To create a cached prompt executor in Kotlin or Java, perform the following:

  1. Create a prompt executor for which you want to cache responses.
  2. Create a CachedPromptExecutor instance by providing the desired cache and the prompt executor you created.
  3. Run the created CachedPromptExecutor with the desired prompt and model.

Here is an example:

// Create a prompt executor
val client = OpenAILLMClient(System.getenv("OPENAI_API_KEY"))
val promptExecutor = MultiLLMPromptExecutor(client)

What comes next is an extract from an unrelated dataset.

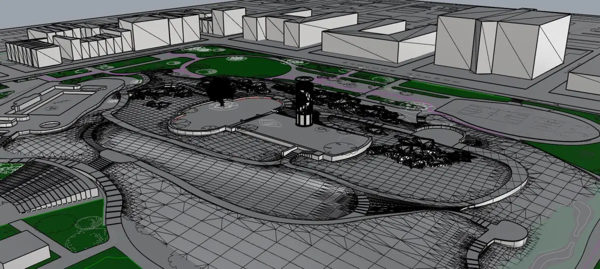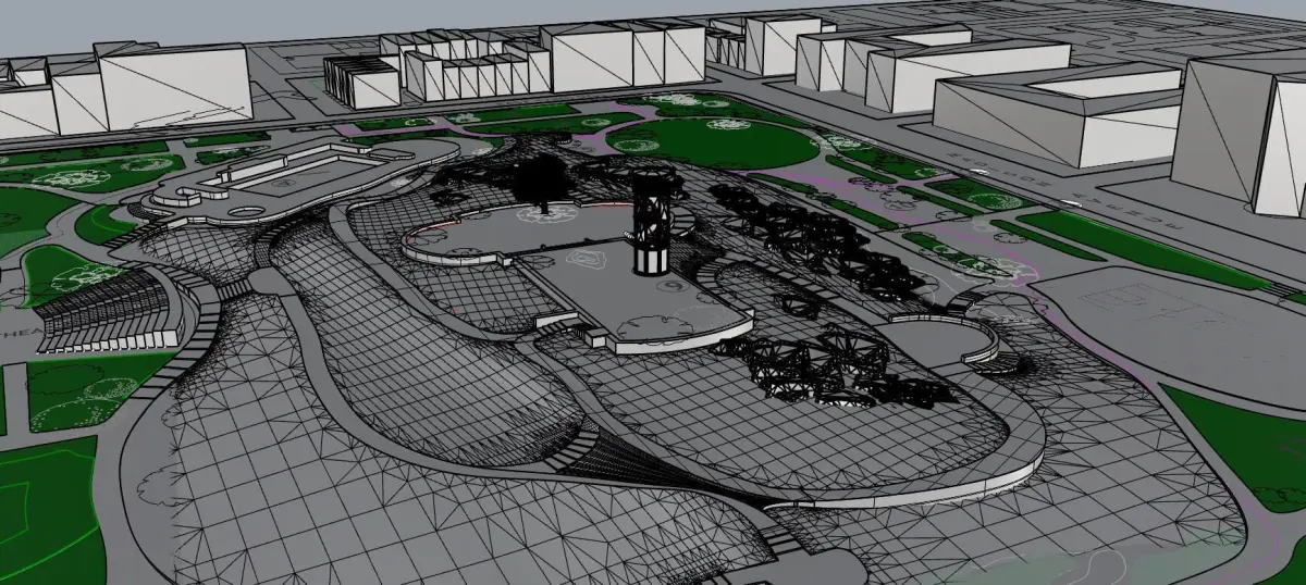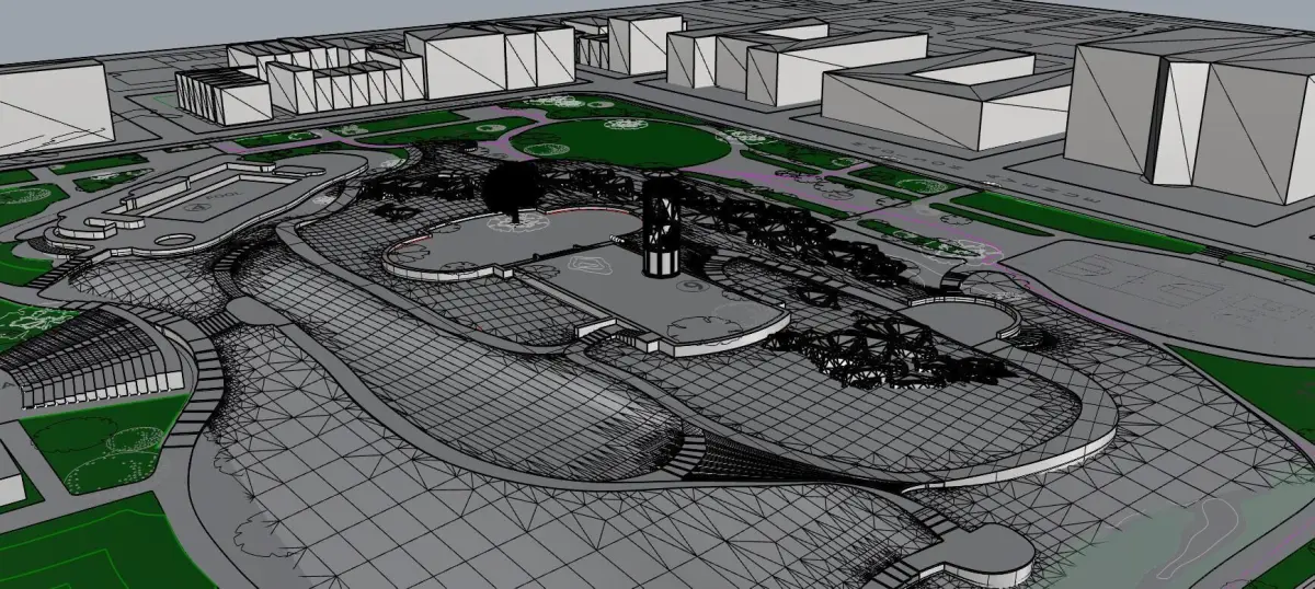 3D Model with Context of the Marcus Garvey Park. This model inclides the famous harlem watchtower and the context around the park. The model also has an approximate measurement of the compex topography of the park and a close depiction of its modeling

// Create a cached prompt executor
val cachedExecutor = CachedPromptExecutor(
    cache = FilePromptCache(Path("path/to/your/cache/directory")),
    nested = promptExecutor
)

// Run cached prompt executor for the first time
// This will perform an actual LLM request
val firstTime = measureTimeMillis {
    val firstResponse = cachedExecutor.execute(prompt, OpenAIModels.Chat.GPT4o)
    println("First response: ${firstResponse.first().content}")
}
println("First execution took: ${firstTime}ms")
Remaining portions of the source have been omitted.